La calidad de vida basada en estos principios, en estos frutos me ha permitido esmerarme en proporcionar un trato impregnado de afecto, de respeto y de tolerancia, a mi familia y a mis amistades, lo cual contribuye a aceptarles con virtudes y defectos, sin pretender controlar sus vidas.
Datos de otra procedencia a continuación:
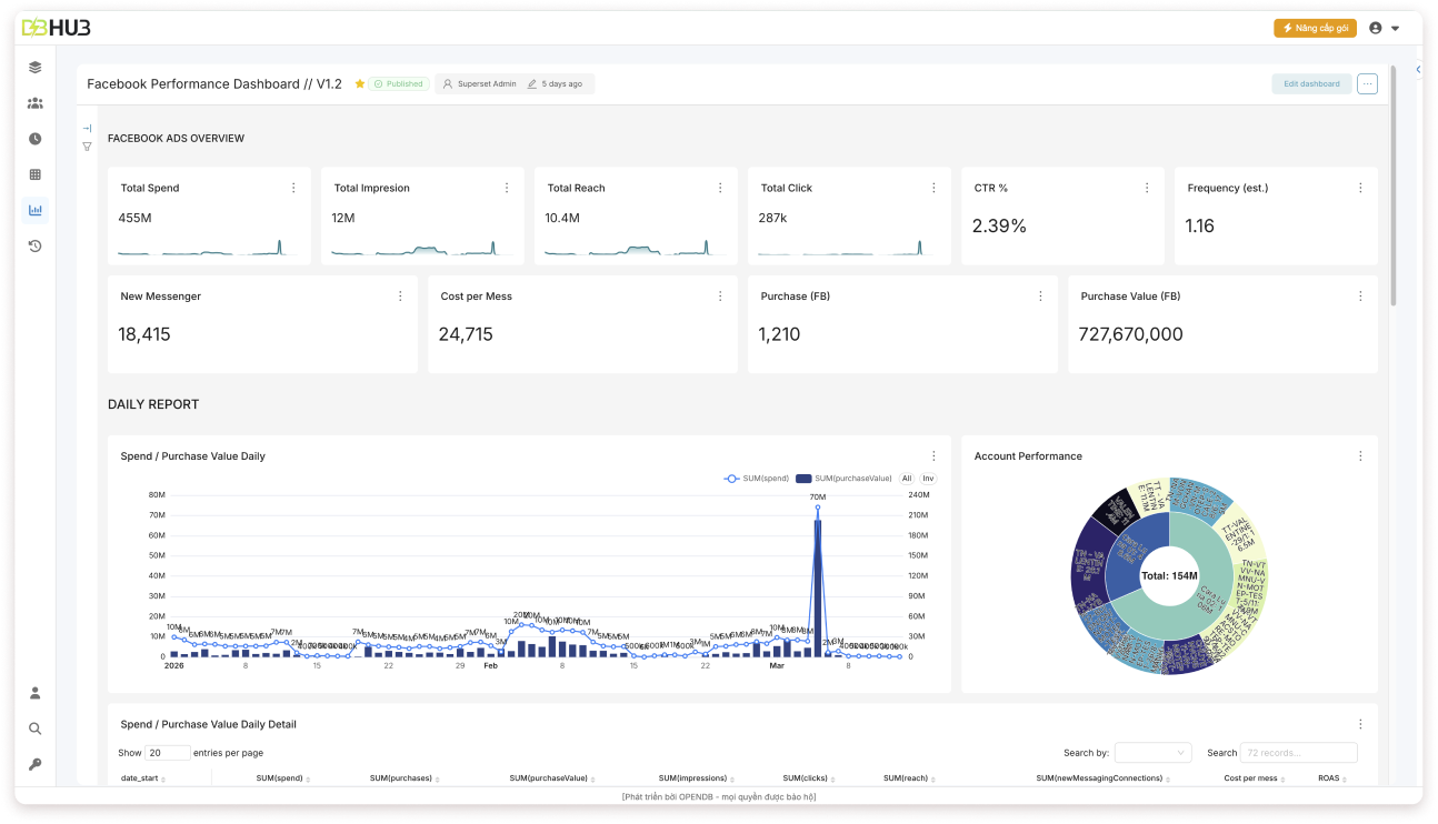 DBHub không phải realtime hoàn toàn, nhưng cập nhật rất nhanh. Tần suất sync nhanh nhất là 30 phút/lần (gói cao cấp), đủ để theo dõi hiệu quả chiến dịch trong ngày mà không cần vào từng kênh thủ công.

Recientemente llegó a mis manos un poema que en una de sus estrofas dice: “Si de la vida adquieres lo mejor; Y en tus días siempre existe el buen humor; Y al amor te aferras; No importa cuántos años pasen; ni qué cumpleaños vuelen; Viejo NO SERÁS”.Y la Biblia en el Salmo 92:12-14 dice: “El justo florecerá como la palmera… aun en la vejez fructificará”.

La calidad de vida que he alcanzado me hace sentir como lo describen el poema y el versículo bíblico mencionados.

Amigas, amigos: adultos mayores, adultos, jóvenes, les invito a apropiarse de la calidad de vida basada en principios y valores como los que propongo en este escrito, puede parecer difícil lograrlo, sin embargo, para Dios todo es posible, ábranle su corazón y acéptenlo como su Señor y Salvador, y podrán experimentar cambios importantes en sus vidas.